= William Austin (physician) =

William Austin (1754–1793) was a physician and mathematician of extensive practice and the author of "A treatise on the stone", a Goulstonian Lecture.

==Childhood and education==
He was born at Wotton-under-Edge, in Gloucestershire, 28 December 1754. His forefathers for several generations had been clothiers in the town, William was the youngest of eight children. After receiving a classical education at the local grammar school he was admitted, in 1773, a commoner of Wadham College, Oxford. Here he began the study of Hebrew, and had in a short time made sufficient progress to obtain an exhibition. He became a scholar of his college, and, as he had successfully studied Hebrew to obtain one exhibition, now mastered botany to gain another. His studies in botany determined his choice of a profession in the direction of physic. He made, however, one more learned digression, and, after graduating B.A. in 1776, was elected assistant tutor to Dr. White, Laudian Professor of Arabic. After giving some lectures on Arabic, Austin in 1779 came to London and began his medical studies at St. Bartholomew's Hospital. Percival Pott, the famous surgeon, formed a high opinion of Austin, and said to Earle, his colleague: 'You will see Austin at the head of his profession.' Austin went back to Oxford, and proceeded M.A. 1780, M.B. 1782, M.D. 1783.

==Career==
In 1781 Austin published the commentary, An Examination of the First Six Books of Euclid's Elements. In the same year, and after he had begun to practice as a physician at Oxford, he lectured on mathematics during the absence of John Smith, the Savilian Professor of Geometry. In 1784 he planned, but did not deliver, a course of lectures on physiology, and in 1785 he was elected professor of chemistry. He became also physician to the Radcliffe Infirmary. In 1786, on a vacancy at St Bartholomew's, Dr. Austin was elected physician to that hospital, and removed to London. He rapidly acquired a large private practice, but continued his chemical studies, and was the first to institute regular chemical lectures in the school of St. Bartholomew's.
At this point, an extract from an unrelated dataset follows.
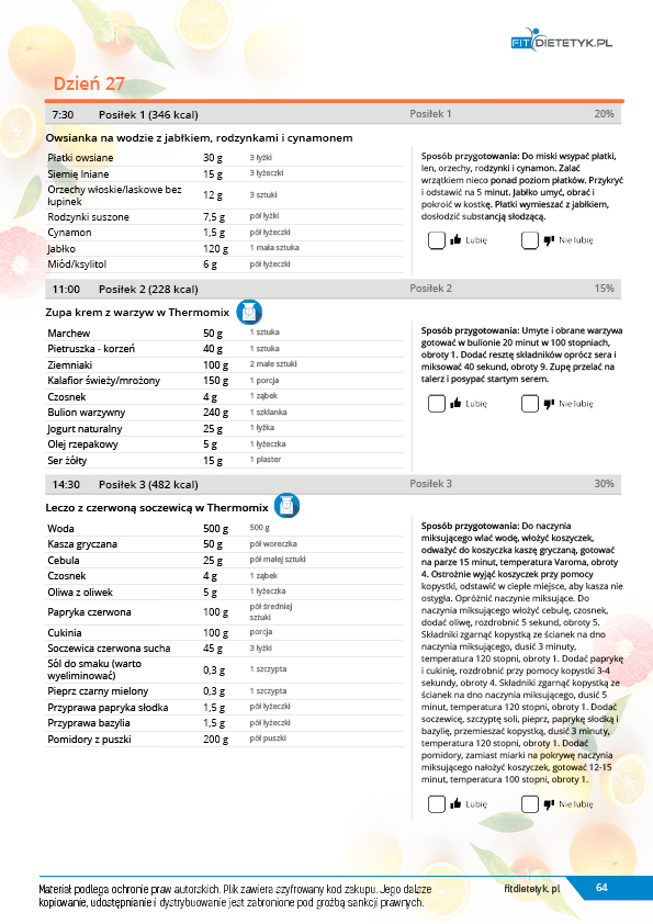 w formie precyzyjnych jadłospisów wielodniowych (na każdy dzień miesiąca jest opracowany osobny jadłospis). Tutaj nie musisz zastanawiać się co zjeść każdego dnia, gdyż będziesz mieć dokładnie wszystko rozplanowane.

In 1790 he delivered the Goulstonian Lectures at the College of Physicians, of which he had been elected a fellow in 1787. The lectures were on the stone, and were published in 1791. The Goulstonian Lectures are printed as A Treatise on the Origin and Component Parts of the Stone in the Urinary Bladder (London, 1791). This work contains a series of experiments made according to the defective chemistry of their time and of no permanent value. Their erroneous result is "that the stone is formed generally in very small part, and often in no degree whatever, from the urine as secreted by the kidneys, but chiefly from the mucus produced from the sides of the different cavities through which the urine passes"; and this led the author to a melancholy conclusion as to a common form of the affection:

Those who suffer this species of the disorder must either bear it for life or submit to a dreadful alternative, to an operation which few surgeons ever acquire the art of performing dexterously, and which, performed even by the most skilful, is by far the most dangerous of any that is practised in surgery.

The imperfect chemistry of his time was sufficient to lead Austin to one accurate conclusion, the variety of composition of hard concretions found throughout the body; and he also points out correctly that the hard matter found in the arteries of old people is calcareous, while the white substance covering the surface of gouty joints is not so.

==Later life==
He is known to have written sermons, but none of these have been printed, and his short mathematical treatise is not now to be found. Two papers (1788 and 1789) of his on 'Heavy Inflammable Air' were read before the Royal Society (Phil. Trans. lxxx. 51).

His last remark as to lithotomy led his surgical colleague, James Earle, to write a defence of the operation, in which he states that Austin afterwards modified his gloomy views as to the treatment of stone. Earle showed his remarks to Austin shortly before the doctor's death, and is the author of the kindly memoir of Austin prefixed to Practical Observations on the Operation for the Stone, London, 1796.

Dr. Austin was twice married, and left four children by Miss Margaret Alanson, his second wife, as well as two children from his first marriage. He died on 21 Jan. 1793 of a rapid febrile disorder.

William Hayley was a close friend of Austin, and upon Austin's death, William Cowper, who was Hayley's friend, wrote a sonnet memorializing Austin.